#### TASK DESCRIPTION:
Leaving every picture out, please return exactly the lines from the top of the material below through the line with "ハネ、ヒゲソリダイ、ヒラメ、", both included.

#### DATA BELOW:

● ● ● ●

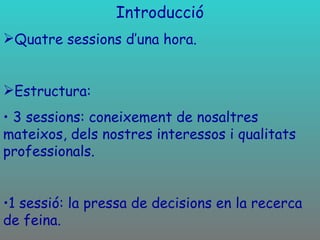 Introducció Quatre sessionsd’una hora. Estructura: 3 sessions: coneixement de nosaltres mateixos, dels nostres interessos i qualitats professionals. 1 sessió: la pressa de decisions en la recerca de feina.
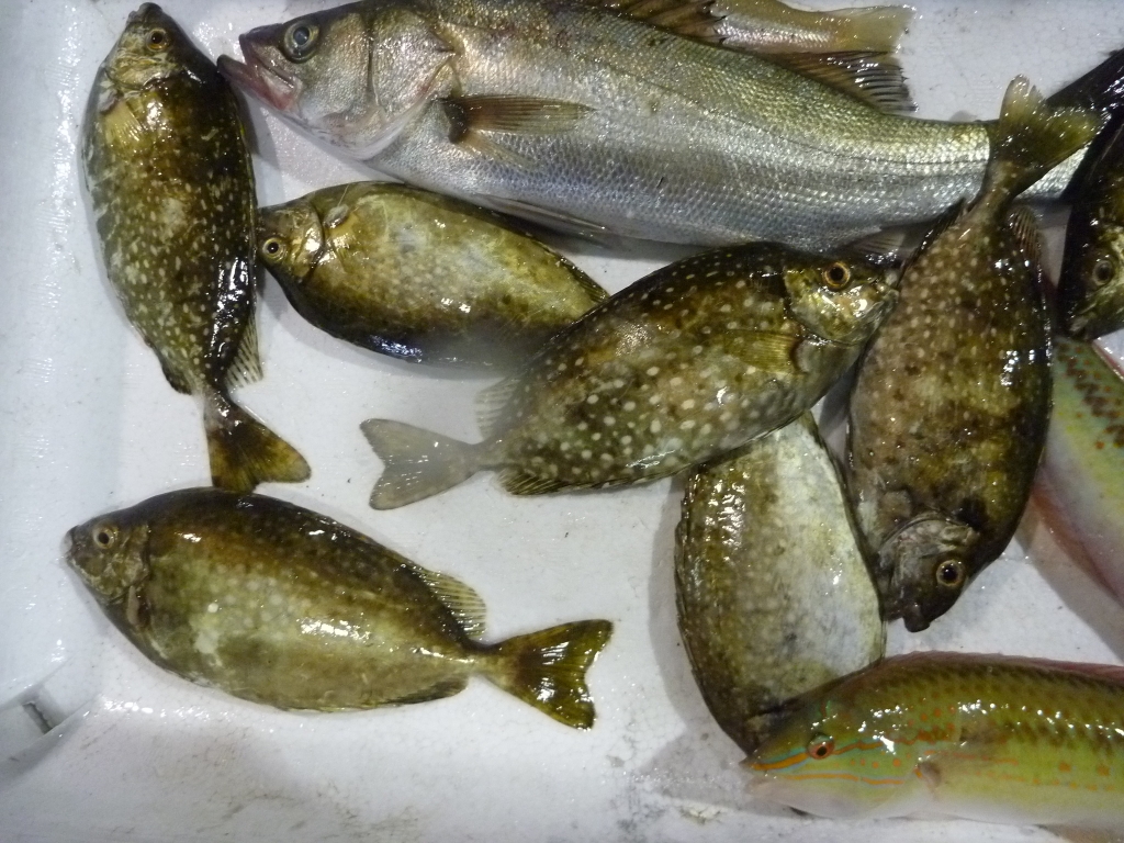 ハネ、ヒゲソリダイ、ヒラメ、シマゲタ、コチゴ、小アジ、アイゴ、アナゴ、イイダ、コウイカ、
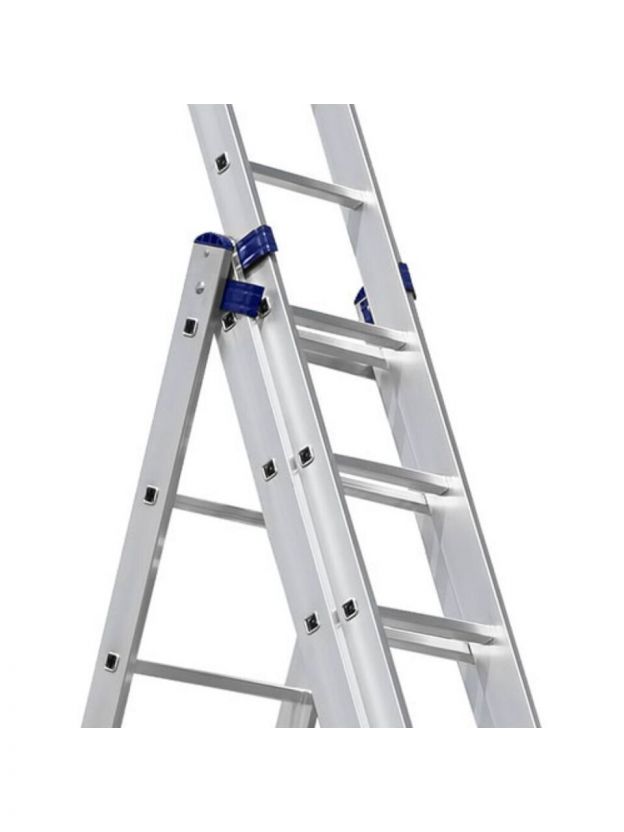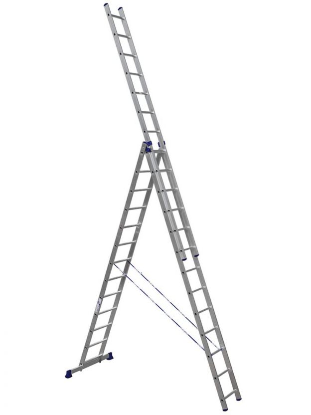 Лестница трехсекционная — это универсальная алюминиевая лестница, которая сочетает в себе сразу функции приставной лестницы, лестницы-стремянки и двухсекционной лестницы. Трехсекционная алюминиевая лестница собрала в себе все преимущества односекционной и двухсекционной лестницы. Данная лестница универсальна, состоит из трех частей и может использоваться в широком диапазоне высот. Имеется возможность использовать верхнюю секцию как отдельную небольшую приставную лестницу.

● ● ● ●

#### TASK SOLUTION:
 Introducció Quatre sessionsd’una hora. Estructura: 3 sessions: coneixement de nosaltres mateixos, dels nostres interessos i qualitats professionals. 1 sessió: la pressa de decisions en la recerca de feina.
 ハネ、ヒゲソリダイ、ヒラメ、シマゲタ、コチゴ、小アジ、アイゴ、アナゴ、イイダ、コウイカ、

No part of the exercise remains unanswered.